Nevertheless he does not think that Amelie’s family would encounter any difficulties if they were to return to North Ossetia.

“That there could be some sort of mafia that threatens the lives of the family today is of course possible, but I can honestly say that I have not heard of any such incidents in recent years,” adds Kabolov.

If and when Amelie is sent out of Norway it would most probably be to Moscow, where she has several contacts who would be able to offer her various assistance, including a place to stay.

The Russian Embassy in Oslo would issue Amelie an emergency passport which would get her into Russia and which she could use to apply for an ordinary passport, says embassy spokesman Vladimir Isupov.

After being freed from the Trandum detention centre earlier this week, Amelie must report daily to the police, bringing a suitcase in case the authorities are ready to deport her. Until such time, she is free to go where she wants after a ruling Wednesday by the Norwegian Supreme Court.

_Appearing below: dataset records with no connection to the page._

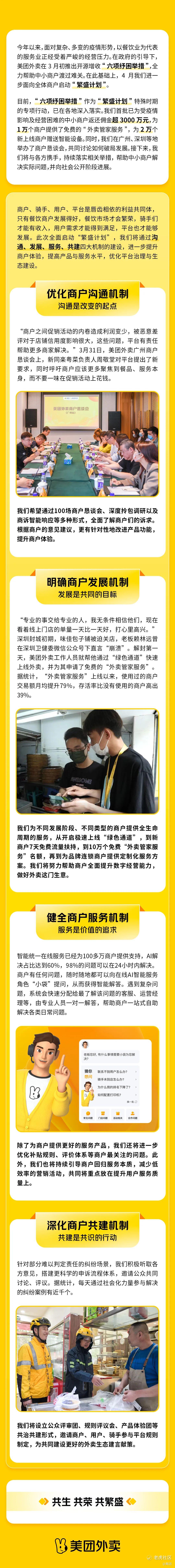 今年以来,面对复杂、多变的疫情形势,以餐饮业为代表的服务业正经受着严峻的经营压力。在政府的引导下,美团外卖在 3 月初推出开源增收 “六项纾困举措”,全力帮助中小商户渡过难关。在此基础上,4 月我们进一步面向全体商户启动“繁盛计划”。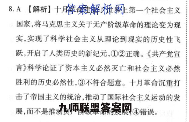 8.A【解析】十月革命建立了世界上第一个社会主义国家,将马克思主义关于无产阶级革命的理论变为现实,实现了科学社会主义从理论到现实的历史性飞跃,开启了人类历史的新纪元,①②正确。《共产党宣言》科学论证了资本主义必然灭亡和社会主义必然胜利的历史必然性,③不符合题意。十月革命沉重打击了帝国主义的统治,推动了国际社会主义运动的发展,而不是推动资产阶级革命的发展,④错误。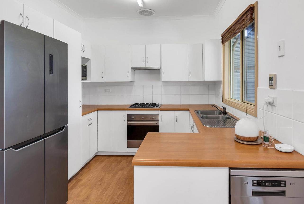 • Built in 2001, the home features a spacious lounge and a casual meals/dining area adjacent to a well-equipped kitchen. The kitchen includes a gas cooktop, dishwasher and plenty of bench and cupboard space.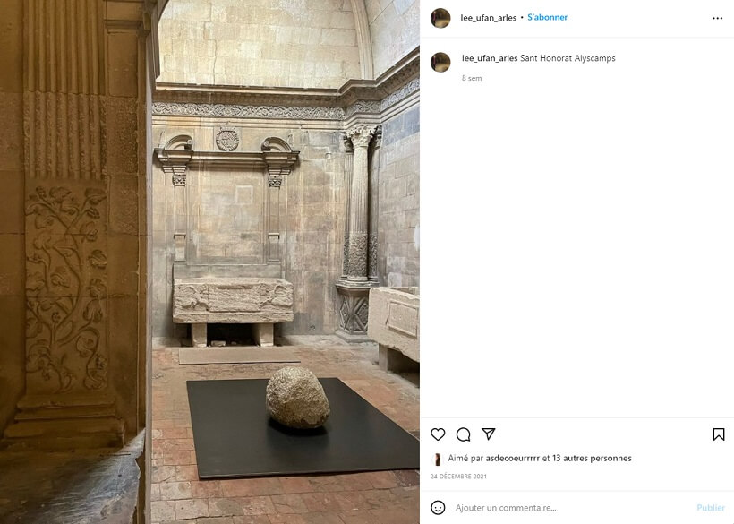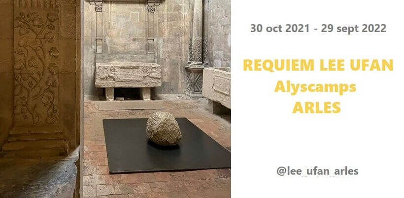 En installant sa fondation à Arles ( les travaux sont en cours rue Vernon ), Lee Ufan témoigne de son attachement à la ville d’Arles. En prémice aux futures expositions de sa fondation, le designer coréen s’est installé aux Alyscamps à Arles depuis fin octobre pour un requiem en 13 oeuvres spécialement créées pour le lieu. Au milieux des sarcophages et chapelle médiévale, ce requiem de scultures originales se découvre aux côtés des sarcophages antiques qui parsèment cette antique cité des morts.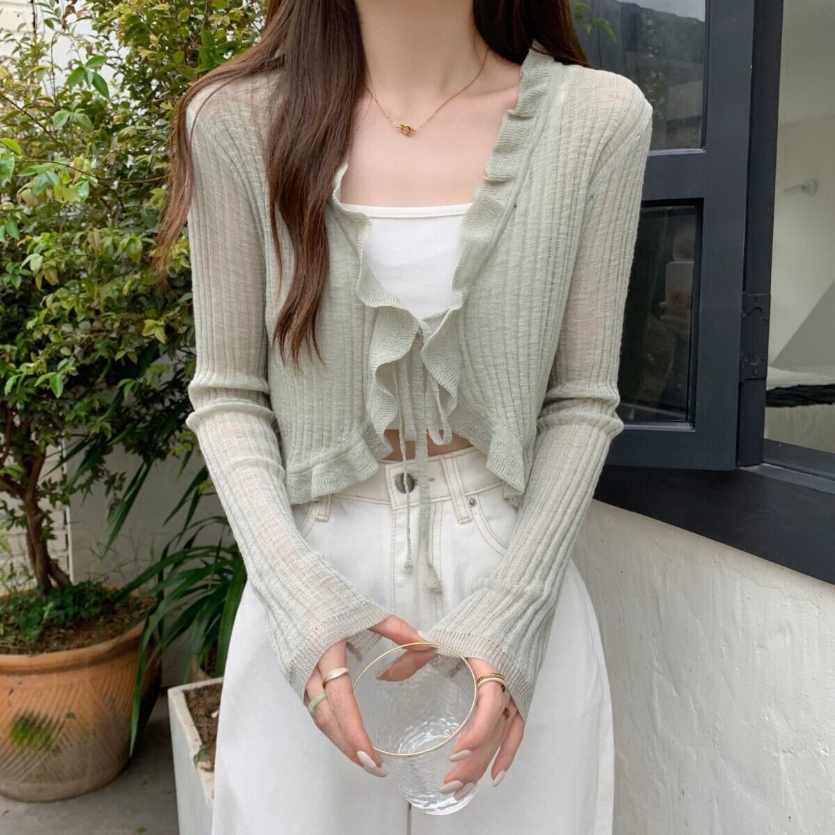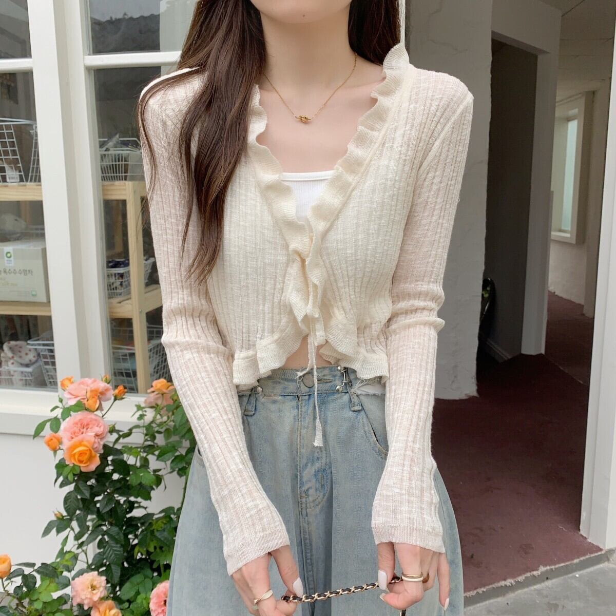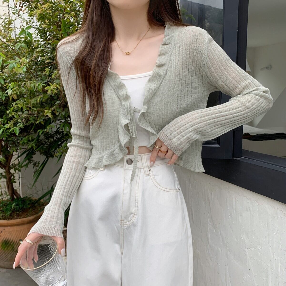 カーディガン セーター ニット トップス 前開き アウター Vネック リブ フリル ショート丈 長袖 大人可愛い シンプル 上品 お洒落 こなれ感 無地 10代 20代 30代 40代 オフィス OL 通勤 学生 通学 デート お出かけ 休日 イベント デイリー 普段使い S M L | GVON~ファッションショップ~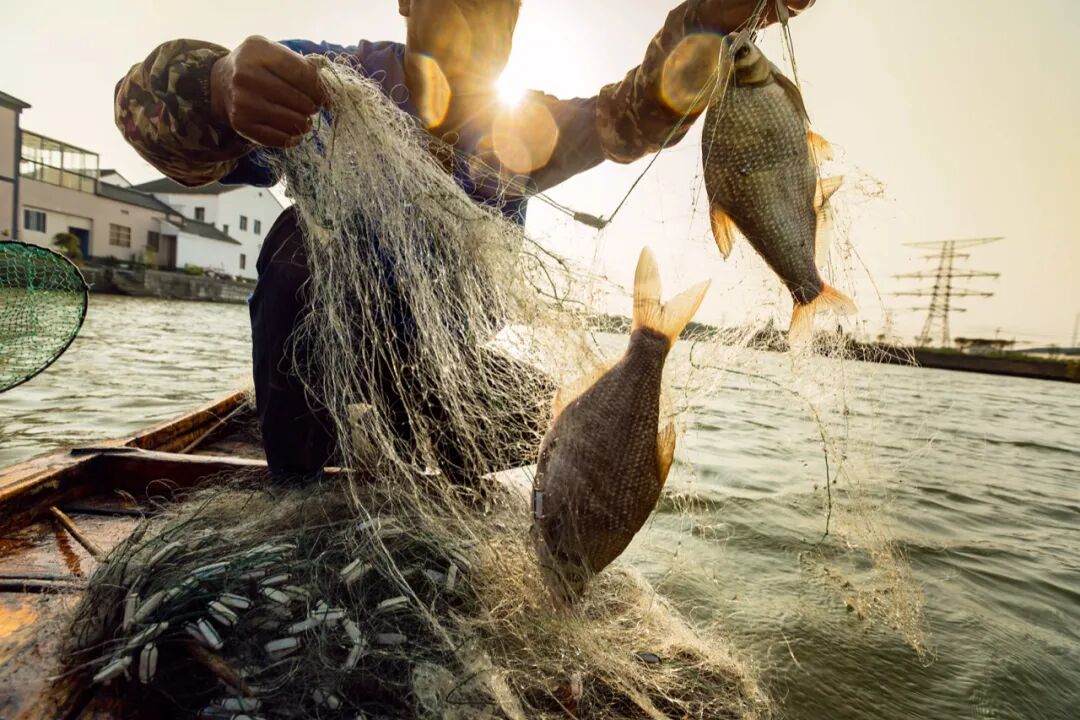 苏州吴江,震泽省级湿地公园,月半湾。当地渔民在6月收获鳊鱼。孙晓东 / 摄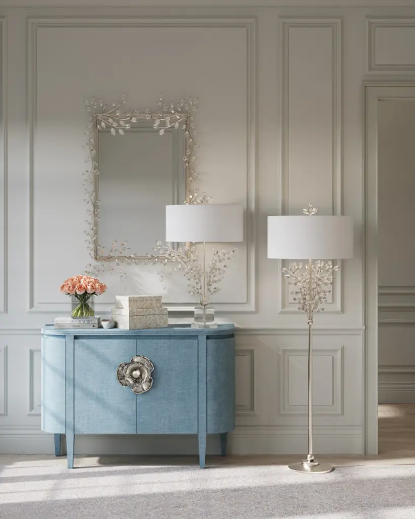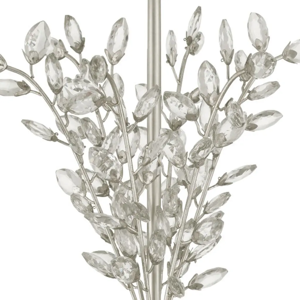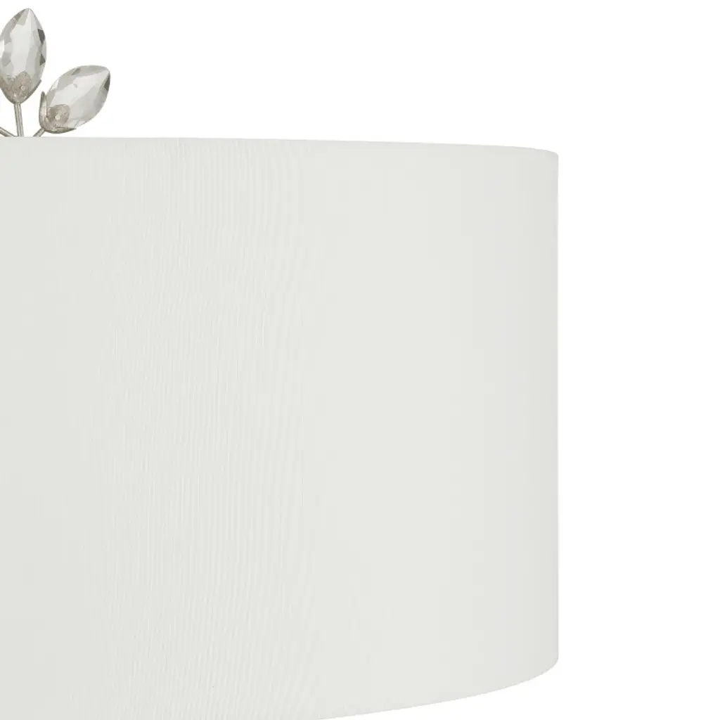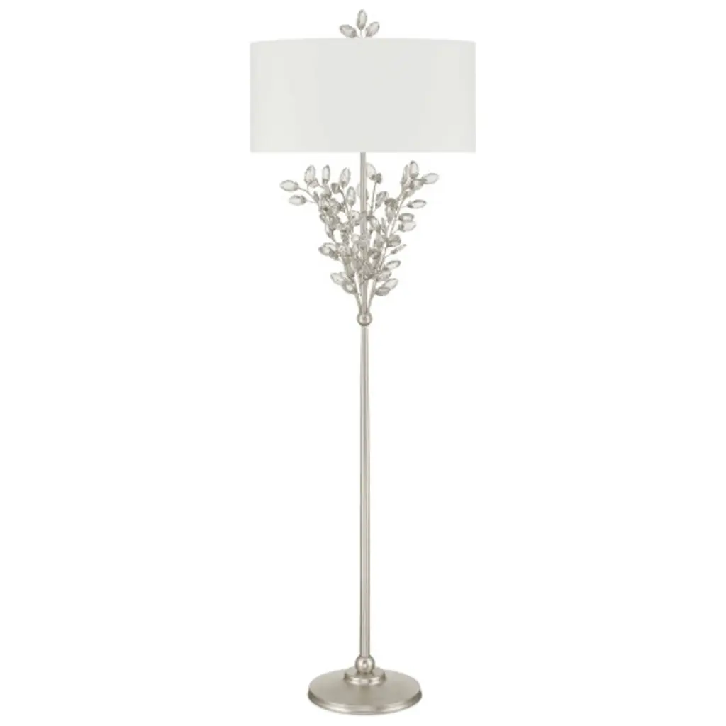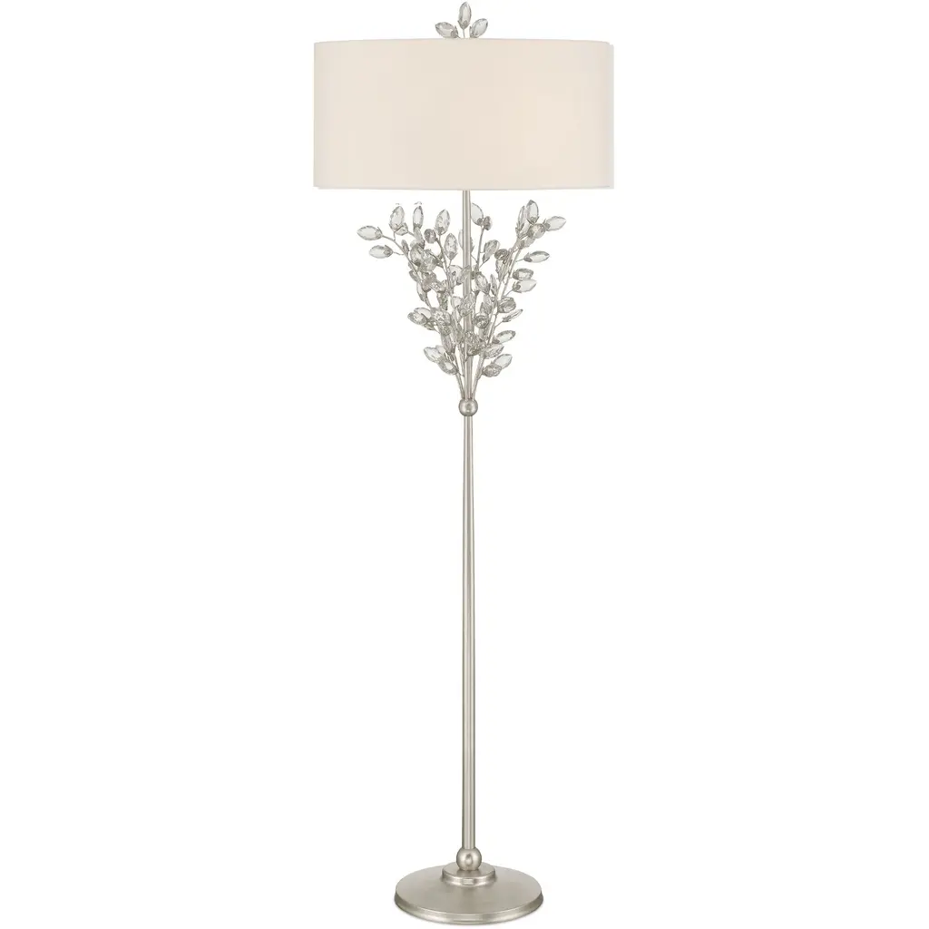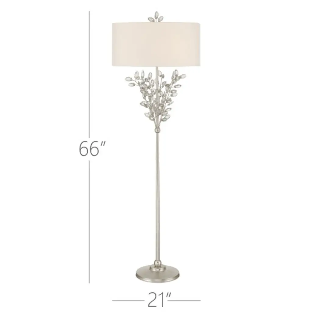 The Forget-Me-Not Floor Lamp is a stunning blend of luxury and artistry. A radiant leaf finish adds a touch of opulence while shimmering flowers crafted from crystals flow up from the thin stem toward the shade for an elegant, nature-inspired design. The two-light floor lamp has a drum shade that is fastened with a gleaming crystal finial.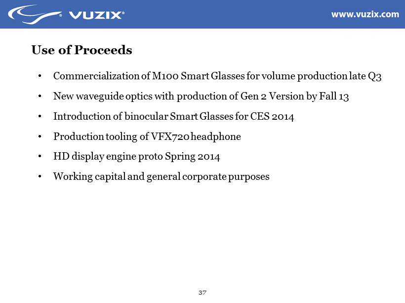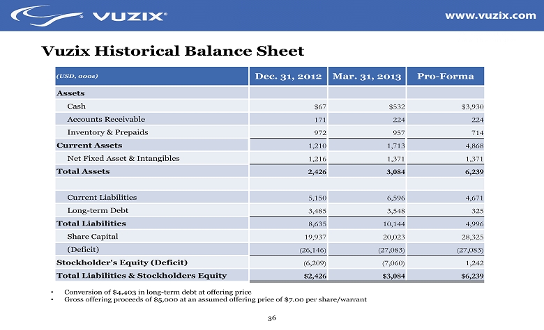 36 Vuzix Historical Balance Sheet • Conversion of $4,403 in long - term debt at offering price • Gross offering proceeds of $5,000 at an assumed offering price of $7.00 per share/warrant (USD, 000s) Dec. 31, 2012 Mar. 31, 2013 Pro-Forma Assets Cash $67 $532 $3,930 Accounts Receivable 171 224 224 Inventory & Prepaids 972 957 714 Current Assets 1,210 1,713 4,868 Net Fixed Asset & Intangibles 1,216 1,371 1,371 Total Assets 2,426 3,084 6,239 Current Liabilities 5,150 6,596 4,671 Long-term Debt 3,485 3,548 325 Total Liabilities 8,635 10,144 4,996 Share Capital 19,937 20,023 28,325 (Deficit) (26,146) (27,083) (27,083) Stockholder's Equity (Deficit) (6,209) (7,060) 1,242 Total Liabilities & Stockholders Equity $2,426 $3,084 $6,239

He lawyer, however, says Amelie, whose real name is said to be Madina Salamova, remains frightened by her pending forced return to Russia and felt unable to face more questions from the media.

“The family fears that there may be people who want to harm them,” lawyer Brynjulf Fisnes told Aftenposten. “Maria Amelie was very young when her family fled and she probably lacks full knowledge of the dangers that she faces in Russia.

“She is very anxious and feels a strong aversion to the idea of returning to what she feared as a child.”